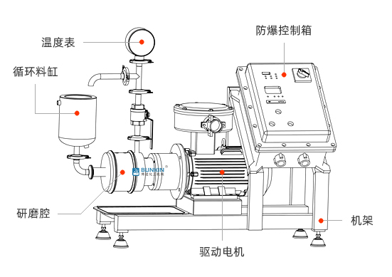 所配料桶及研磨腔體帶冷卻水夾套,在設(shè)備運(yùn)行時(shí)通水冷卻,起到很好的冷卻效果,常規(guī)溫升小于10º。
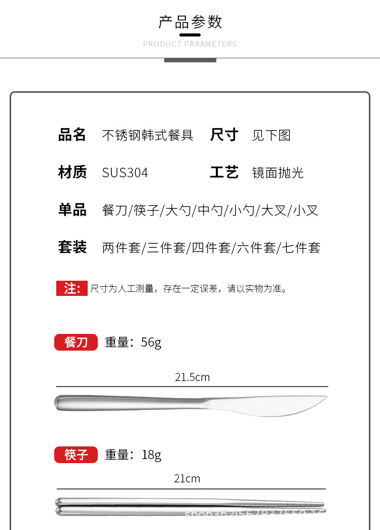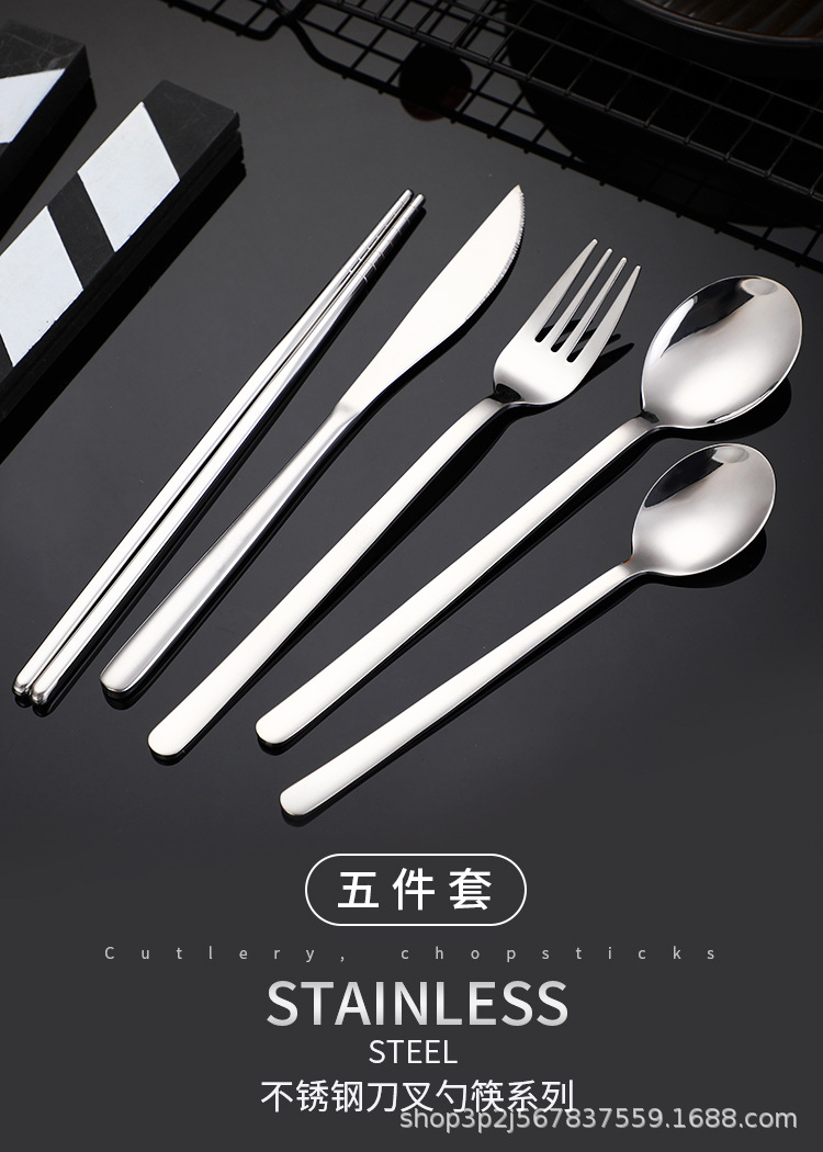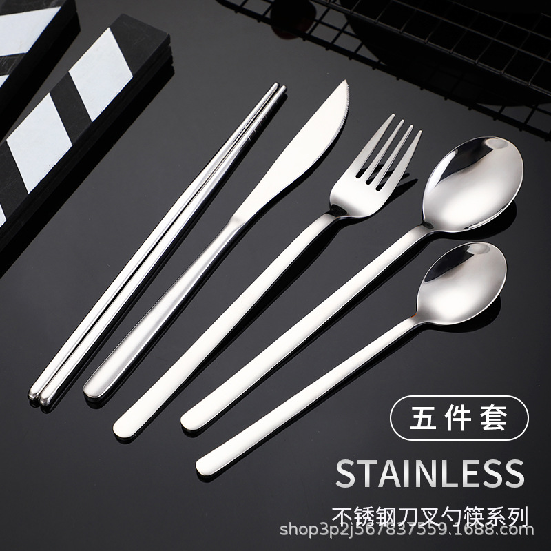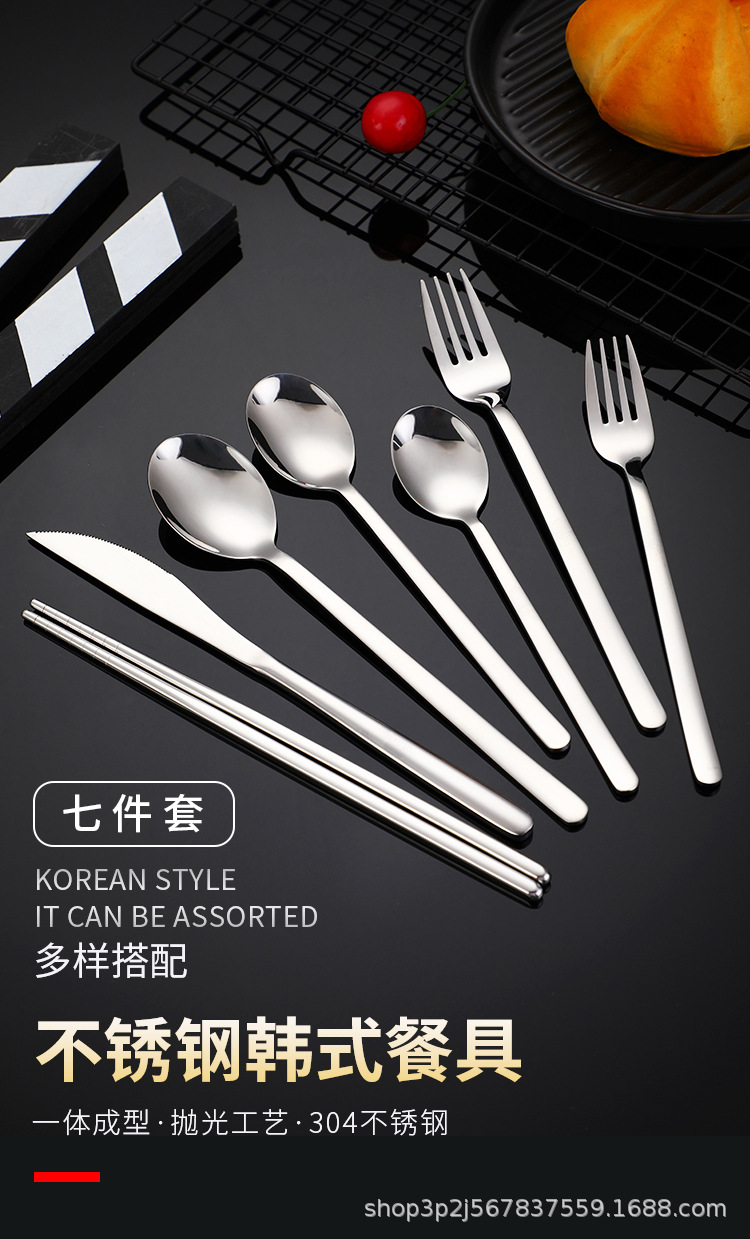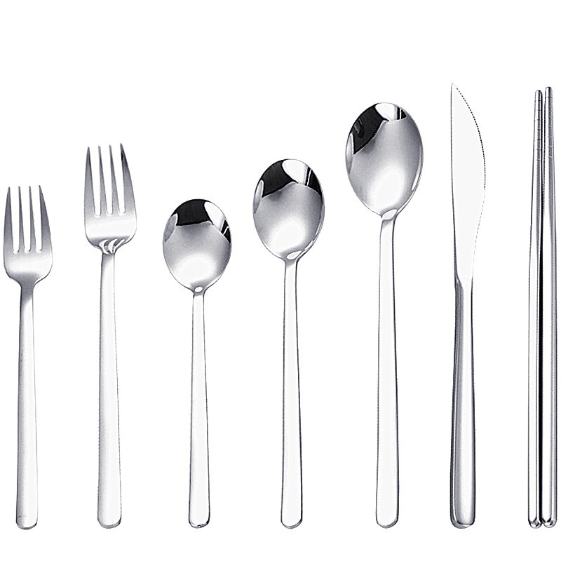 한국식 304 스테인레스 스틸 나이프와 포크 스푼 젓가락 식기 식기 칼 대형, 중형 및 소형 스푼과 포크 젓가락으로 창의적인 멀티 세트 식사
^^^^^^^^
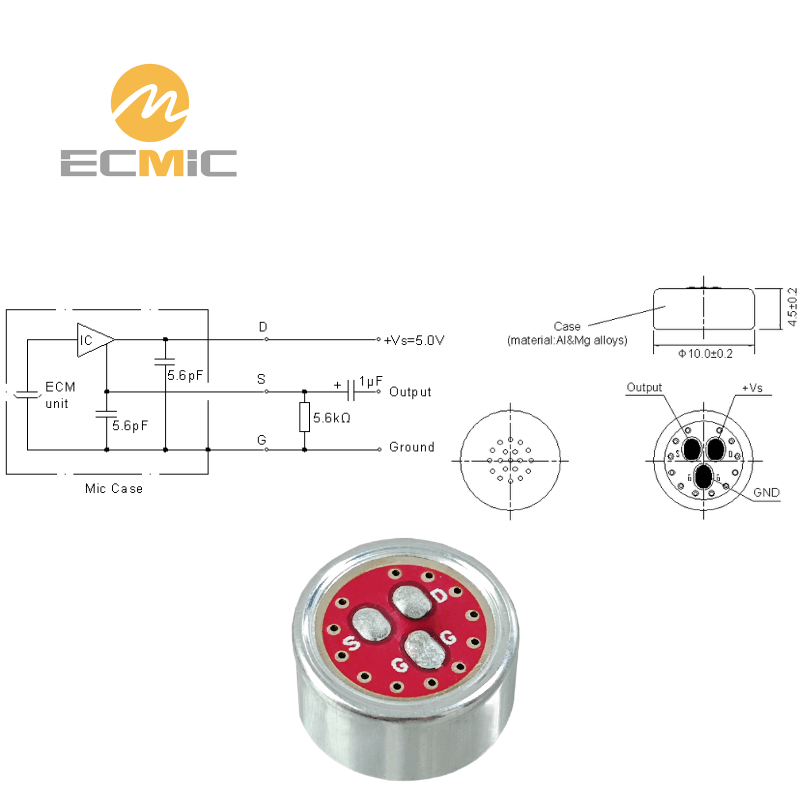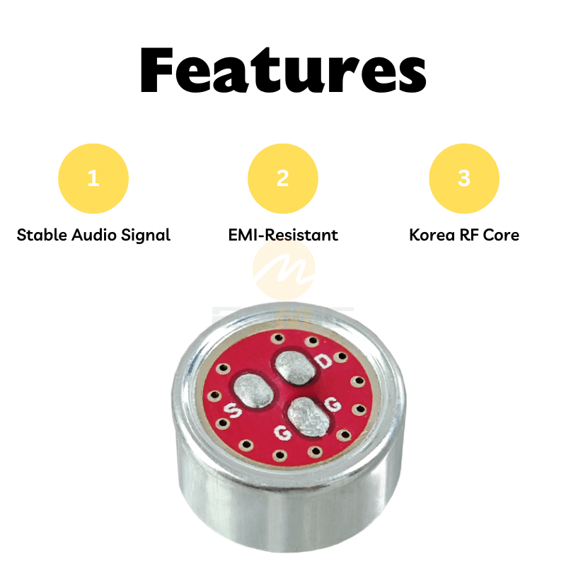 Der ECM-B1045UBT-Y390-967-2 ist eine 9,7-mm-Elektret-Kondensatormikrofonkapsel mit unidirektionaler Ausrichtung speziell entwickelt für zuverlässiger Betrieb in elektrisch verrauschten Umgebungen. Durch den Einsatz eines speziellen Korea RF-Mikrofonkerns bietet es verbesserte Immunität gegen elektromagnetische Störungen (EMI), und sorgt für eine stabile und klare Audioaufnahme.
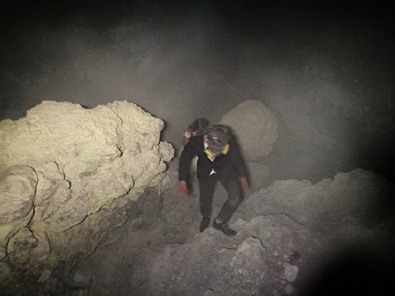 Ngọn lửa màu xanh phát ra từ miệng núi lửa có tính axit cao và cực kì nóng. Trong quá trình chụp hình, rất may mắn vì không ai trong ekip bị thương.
^^^^^^^^
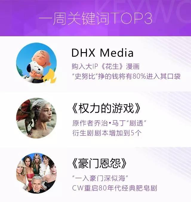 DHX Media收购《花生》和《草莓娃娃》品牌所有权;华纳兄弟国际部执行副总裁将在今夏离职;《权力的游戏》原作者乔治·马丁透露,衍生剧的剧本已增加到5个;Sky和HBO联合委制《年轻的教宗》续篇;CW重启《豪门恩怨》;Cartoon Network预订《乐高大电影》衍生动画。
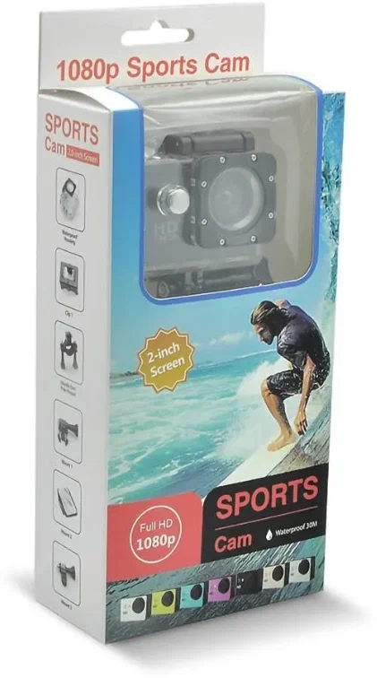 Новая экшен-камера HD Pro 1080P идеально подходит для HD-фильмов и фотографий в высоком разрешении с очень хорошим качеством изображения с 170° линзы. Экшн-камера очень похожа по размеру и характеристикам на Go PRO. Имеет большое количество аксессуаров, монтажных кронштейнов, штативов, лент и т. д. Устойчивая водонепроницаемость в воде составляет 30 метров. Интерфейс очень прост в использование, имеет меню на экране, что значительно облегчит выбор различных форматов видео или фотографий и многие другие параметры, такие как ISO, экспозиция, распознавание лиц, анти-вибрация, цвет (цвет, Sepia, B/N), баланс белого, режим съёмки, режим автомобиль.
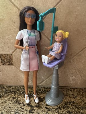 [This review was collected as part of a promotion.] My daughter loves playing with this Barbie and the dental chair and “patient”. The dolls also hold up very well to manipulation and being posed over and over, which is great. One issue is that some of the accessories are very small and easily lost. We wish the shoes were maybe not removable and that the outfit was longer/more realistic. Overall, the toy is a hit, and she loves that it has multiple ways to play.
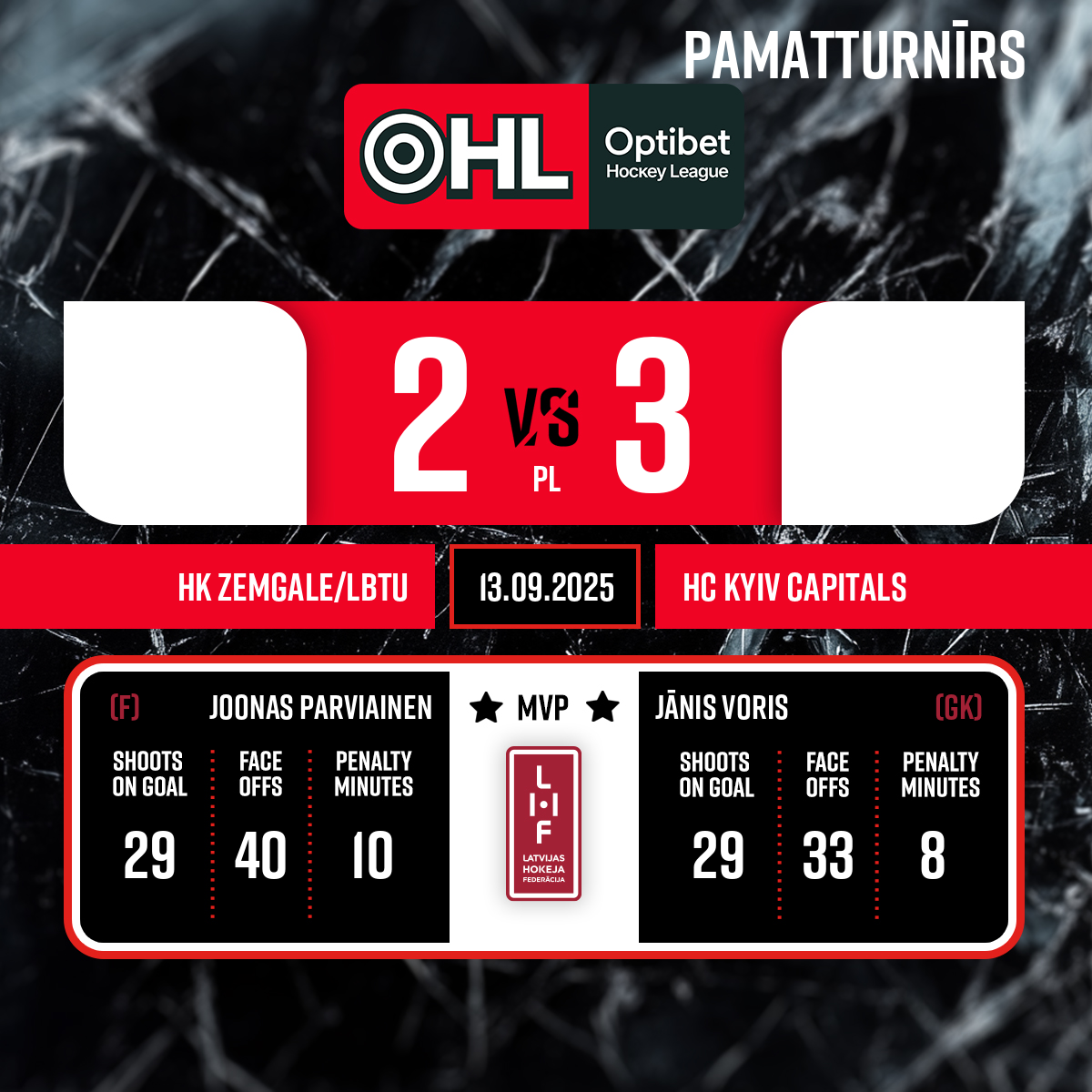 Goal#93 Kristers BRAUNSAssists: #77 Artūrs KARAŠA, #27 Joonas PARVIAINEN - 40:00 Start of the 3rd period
^^^^^^^^
■ Work instruction: When copying from the data above, print only the lines from the line containing "所配料桶及研磨腔體帶冷卻水夾" to the line containing "한국식 304 스테인레스", exactly, and leave the pictures out.

■ Answer for the task:
 所配料桶及研磨腔體帶冷卻水夾套,在設(shè)備運(yùn)行時(shí)通水冷卻,起到很好的冷卻效果,常規(guī)溫升小于10º。
 한국식 304 스테인레스 스틸 나이프와 포크 스푼 젓가락 식기 식기 칼 대형, 중형 및 소형 스푼과 포크 젓가락으로 창의적인 멀티 세트 식사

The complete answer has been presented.